The underlying motivation for this work has been to obtain a novel geometric framework for the space of phylogenetic trees which has more principled biological justification than existing geometries, and which can be used to develop statistical methods for analysing data sets of trees. Ultimately, realizing this aim is still some way off. For example, given a sample of points \(\{x_1,\ldots ,x_n\}\subseteq X\) in a metric space (Xd), the Fréchet mean \(\bar{x}\in X\) is a point which minimises the sum of squared distances to the data:

$$\begin{aligned} \bar{x} = {\mathop {\hbox {arg min}}\limits _{x \in X}}\sum _{i=1}^n d(x,x_i)^2. \end{aligned}$$

In general, the Fréchet mean does not always exist, or it can fail to be unique, but in globally non-positively curved spaces such as \((\mathcal {S}^+_{N},d_\mathrm {cov})\) and \((\mathcal {U}_{N},d_\mathrm {BHV})\) there exists a unique Fréchet mean (Bridson and Haefliger 2011). Development of methods for calculation of a Fréchet mean using an intrinsic information metric in wald space seems very challenging, and the curvature calculations in Sect. 4.2 have implications for the existence and uniqueness of Fréchet means.
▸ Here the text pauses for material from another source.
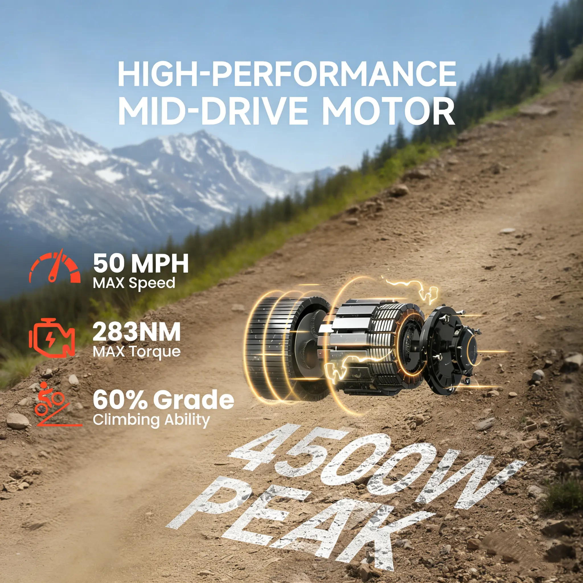 Powered by a 4500W peak mid-drive motor, this off-road e-ride delivers 283NM max torque and a 50 MPH top speed, with a 60% grade climbing ability for tackling steep trails and rough terrain.

On the other hand, given any sample of trees in \(\mathcal {W}_{N}\), there is a unique inrinsic Fréchet mean in \(\mathcal {S}^+_{N}\) and an algorithm for computing the mean is given by Lenglet et al. (2006). Our projection algorithm could be used to project this to an extrinsic mean back into \(\mathcal {W}_{N}\). Properties of the projected Fréchet mean tree could be investigated.

In comparison to the BHV and tropical metrics, the intrinsic information metrics have the advantage of interpretability in terms of genetic substitutions and the distributions of characters represented by two trees. This suggests the information metrics might be better suited for statistical tasks such as hypothesis testing. In the BHV and tropical geometries, contraction and expansion of edges offer the means of moving between different topologies. In the wald space, additional topological transformations are possible via expanding edges to infinite length, and these correspond to tree bisection and reconnection (TBR) operations. Many applications in phylogenetics require searches over the space of phylogenetic trees, and movement along information geodesics in the wald space might have advantages over existing methods.